Fortunately, Mary Beard commendably pours some common-sense cold water on this. Quite rightly, she points out that what has come out so far is almost entirely works of Epicurean philosophy, most of one particular writer, Philodemus. As some of the works survive in multiple copies, it has been suggested that this may be his own library - which makes me think of Philodemus like a particularly unfortunate vanity-published author, surrounded by remaindered copies of his books that he can't get rid of. In any case, regardless of what one thinks of the quality of Philodemus' work, it is undeniable that his rediscovery has hardly set the Classical world alight.
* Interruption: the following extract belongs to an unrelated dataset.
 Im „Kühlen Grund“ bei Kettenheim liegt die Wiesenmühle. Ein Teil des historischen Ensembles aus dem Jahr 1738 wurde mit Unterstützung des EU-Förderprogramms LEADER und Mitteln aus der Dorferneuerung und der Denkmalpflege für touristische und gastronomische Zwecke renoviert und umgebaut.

And I think Beard is right to suggest that if new material does emerge from the villa, it's most likely to be more of the same, relatively minor works of Epicurean philosophy. If the 'Latin library' exists, it's likely to be philosophical in nature. [ETA 21/01/15: Actually, some Latin texts, e.g. portions of Ennius and Caecilius Statius, have been found, so my scepticism about the 'Latin Library' is a little unfounded. Though whether the 'library' in the villa was so rigorously organised is another question.] That still leaves some scope for interesting discoveries - there are some lost Ciceronian philosophical works, such as the Hortensius, which moved St Augustine of Hippo and inspired him to study philosophy. But not too much hope for lost works of Catullus, not least because there aren't, as far as I know, any lost works of Catullus - though the text we have is in a mess, with a number of poems missing lines, traditionally because the one manuscript that survived was found propping up a wine barrel, and had been damaged, so another earlier manuscript would please Catullan scholars no end. (Though it might be even more useful to find texts of his friends and contemporaries Calvus or Cinna, the latter victim of one of the most famous cases of mistaken identity in history.) [ETA 03/01/15: Actually, I'm just plain wrong here - there are Catullan poems cited in other ancient sources that are not preserved in the manuscript tradition.]
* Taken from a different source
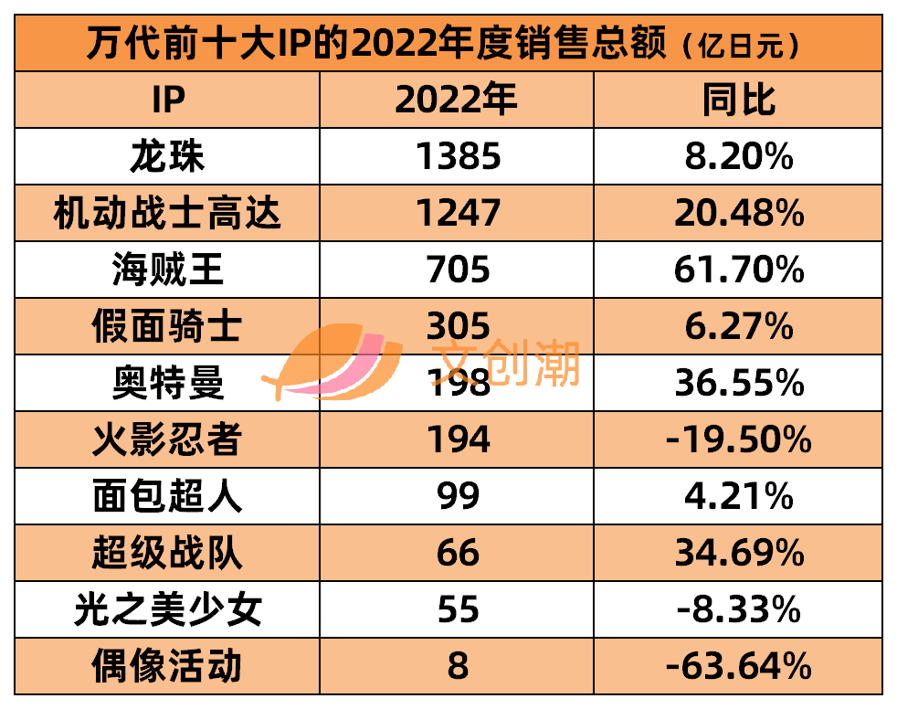 有數(shù)據(jù)顯示,面包超人IP關(guān)聯(lián)商品早在2010年就已達(dá)1.1萬億日元。2022年,僅萬代一家的面包超人IP銷售額為99億日元,同比增長(zhǎng)4.21%。

But there are no a priori reasons for believing that there must have been a 'Latin library'. It's entirely possible that all the works there are Greek. A philosophical library might just possibly produce unknown works of Aristotle - just one of his dialogues, the works that made Aristotle's reputation, would be a sensational find. But the chances of Euripides or Sophocles are slim, I'm afraid. Indeed, it's possible that the new floors of the villa that have been found and not yet properly explored were never part of a library, and will produce no new literature.

It's much more likely that major new discoveries will emerge from the still incompletely studied Oxyrhynchus Papyri. These have produced, as well as the Menander Beard mentions, parts of lost plays by Euripides and Sophocles, poems of Sappho, and the Hellenica Oxyrhynchia. There is undoubtedly more to be found.

Nevertheless, it is fun to play the game Beard does, of naming what one would most like to see come out of the library (though I'm not going to follow her in sticking to Latin works). Of course, the closing of the archive in AD 79 means that it can't possibly include the lost Latin works I'd most like to see, the missing parts of Tacitus' Annals and Histories. We don't have those parts of the Annals that give his account of Caligula's reign, or the beginning of Claudius' or the end of Nero's, and have to fall back on other sources. But what I'd most like is the Histories. We get some of Tacitus' attitude to the emperor Domitian in the Agricola and elsewhere, but it would be marvellous to have his full account of Domitian's reign. I'd also like to see his account of the destruction of Pompeii, since we have two letters that Pliny the Younger wrote to him when asked for research materials, and I'd like to see how Tacitus used those.

One of the comments on Beard's post names the works of the emperor Claudius, and I'd endorse that, particularly the autobiography. I'd also add the autobiography of Augustus (not to be confused with the Res Gestae).

More Greek tragedy would of course be wonderful. I'd particularly like Aeschylus' Myrmidons, at the time better thought of than the plays that now survive. But I'd also like some plays that would give us another complete trilogy - the whole of the Prometheus trilogy would be nice, if only to settle which order they came in. Or perhaps Euripides' Andromeda. This was parodied by Aristophanes in the Thesmophoriazousae - we know this because Aristophanes tells us as much. But only once in all of Aristophanes' parodies of Euripides do we have both parody and object - a burlesque of the Helen in the same Aristophanes play mentioned. Possessing the Andromeda (or the Telephus) would tell us much not only about Euripides, but about Aristophanes as well.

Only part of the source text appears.